In a brilliant analysis of the politics of breastfeeding in the US, Milk, Money, and Madness (1995), by Dia Michels and Naomi Baumslag, the following salient points are made about why women in the US so often experience breastfeeding problems: “In western society, the baby gets attention while the mother is given lectures [emphasis mine]. Pregnancy is considered an illness; once the ‘illness’ is over, interest in her wanes. Mothers in ‘civilized’ countries often have no or very little help with a new baby. Women tend to be home alone to fend for themselves and the children. They are typically isolated socially and expected to complete their usual chores, including keeping the house clean and doing the cooking and shopping, while being the sole person to care for the infant…” (p. 17)

Michels and Baumslag go on to explain:

According to the US rules and regulations governing the federal worker, the pregnancy and postdelivery period is referred to as “the period of incapacitation.” This reflects the reality of a situation that should be called ‘the period of joy.’ Historically, mothering was a group process shared by the available adults. This provided not only needed relief but also readily available advice and experience. Of the “traditional” and “modern” child-rearing situations, it is the modern isolated western mom who is much more likely to find herself experiencing lactation failure [emphasis mine]. (p. 18)

There is a tendency for modern women to look inward and blame themselves for “failing” at breastfeeding. There is also an unfortunate tendency for other mothers to also blame the mother for “failing”—she was “too lazy” or “just made an excuse,” etc. We live in a bottle-feeding culture; the cards are stacked against breastfeeding from many angles–economically, socially, medically. When I hear women discussing why they couldn’t breastfeed, I don’t hear “excuses,” I hear “broken systems of support” (whether it be the epidural in the hospital that caused fluid retention and the accompanying flat nipples, the employer who won’t provide a pumping location, the husband who doesn’t want to share “his breasts”, or the mother-in-law who thinks breastfeeding is perverted). Of course, there can actually be true “excuses” and “bad reasons” and women theoretically always have the power to choose for themselves rather than be swayed by those around them, but there are a tremendous amount of variables that go into not breastfeeding, besides the quickest answer or what is initially apparent on the surface. As noted previously, breastfeeding occurs in a context and that context is often one that does not reinforce a breastfeeding relationship. In my seven years in breastfeeding support, with well over 800 helping contacts, I’ve more often thought it is a miracle that a mother manages to breastfeed, than I have wondered why she doesn’t.

The ecology of breastfeeding

A breastfeeding baby is the topmost point on the food chain (above other humans who consume other animals, because a breastfeeding baby is consuming a human product) and as such is deeply impacted by the body burden of chemicals stored by the mother. The book Having Faith: An Ecologist’s Journey to Motherhood (2003), Sandra Steingraber closely examines these factors in both an interesting and disturbing read.
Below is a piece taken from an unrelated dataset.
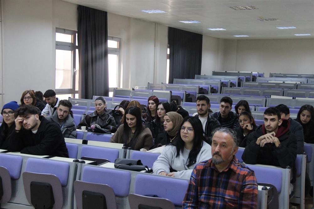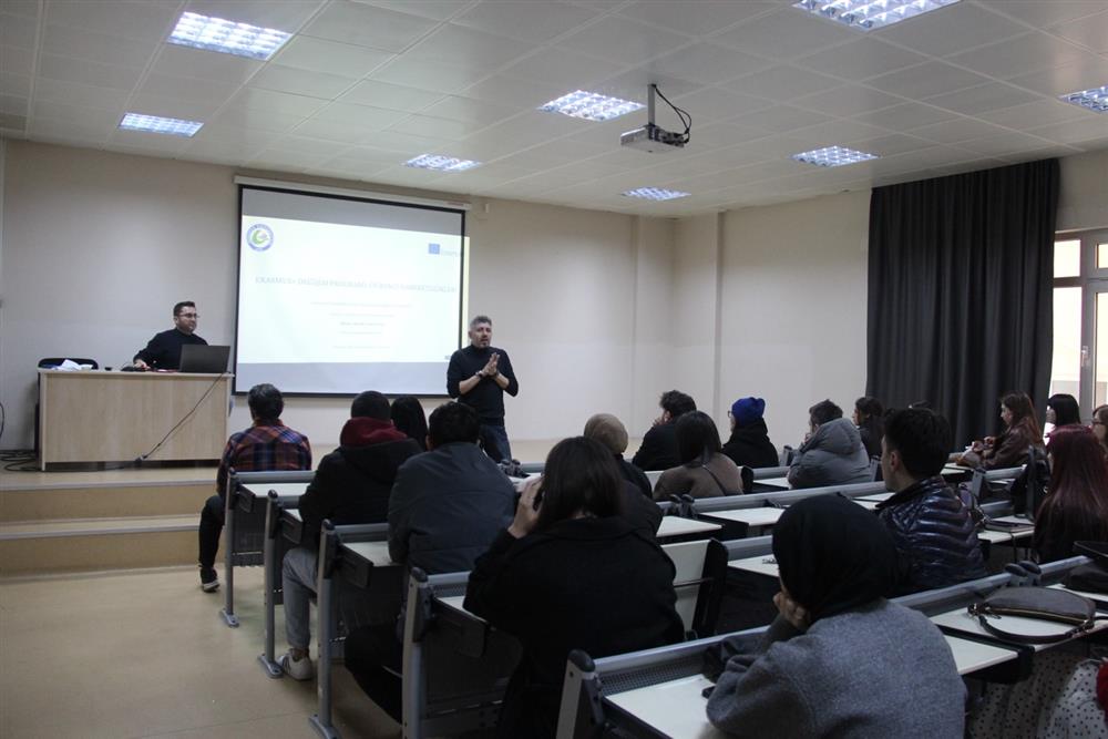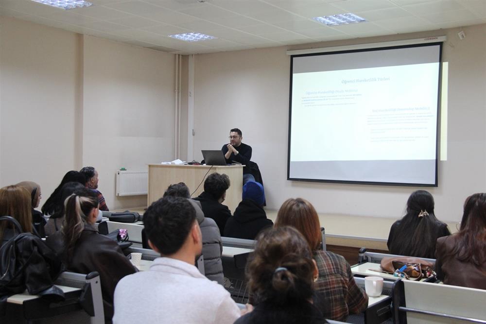 The session was conducted by Erasmus+ Student Mobility Officer, Lecturer Murat Yaman, on February 25, 2026, at the Merve Durmuş Lecture Hall. During the program, students were provided with detailed information on how to benefit from study abroad and internship opportunities.

The body of the mother during pregnancy and breastfeeding is the natural “habitat” of the baby and our larger, very polluted environment has a profound impact on these habitats. Mothers have pesticide residues and dry cleaning chemicals, for example, in their breastmilk. The breastfeeding mother’s body is quite literally the maternal nest and a motherbaby is a single psychobiological organism. At an international breastfeeding conference in 2007, I was fortunate enough to hear Dr. Nils Bergman speak about skin-to-skin contact, breastfeeding, and perinatal neuroscience. The summary version of his findings are that babies need to be with their mothers following birth in order to develop proper neural connections and ensure healthy brain development and proper brain “organization”; mother’s chest is baby’s natural post-birth “habitat” and is of vital developmental and survival significance; and that breastfeeding = brain wiring.
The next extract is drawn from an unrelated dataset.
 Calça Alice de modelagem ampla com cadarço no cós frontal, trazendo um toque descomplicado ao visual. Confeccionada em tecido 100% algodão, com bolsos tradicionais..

A baby has no concept of the notion of independence. Even though we live in a culture that pushes for independence at young ages, all babies are born hard-wired for connection; for dependence. It is completely biologically appropriate and is the baby’s first and most potent instinct. Mother’s body is baby’s home—the maternal nest. If a baby cries when her mother puts her down, that means she has a smart baby, not a “dependent” or “manipulative” one.

What happens when society and culture pollute the maternal nest? Is that mother and baby’s problem or is it a political and cultural issue that should be of top priority? Unfortunately, many politicians continue to focus on reproductive control of women, rather than on human and planetary health.

Antonelli (1994) explores women’s reproductive rights in this passage in The Politics of Women’s Spirituality:

Human life is valuable and sacred when it is the freely given gift of the Mother—through the human mother. To bear new life is a grave responsibility, requiring a deep commitment—one which no one can force on another. To coerce a woman by force or fear or guilt or law or economic pressure to bear an unwanted child is the height of immorality. It denies her right to exercise her own sacred will and conscience, robs her of her humanity, and dishonors the Goddess manifest in her being. The concern of the anti-abortion forces is not truly with the preservation of life, it is with punishment for sexuality [and devaluation of the female]. If there were genuinely concerned with life, they would be protesting the spraying of our forests and fields with pesticides known to cause birth defects. They would be working to shut down nuclear power plants and dismantle nuclear weapons, to avert the threat of widespread genetic damage which may plague wanted children for generations to come… (p. 420).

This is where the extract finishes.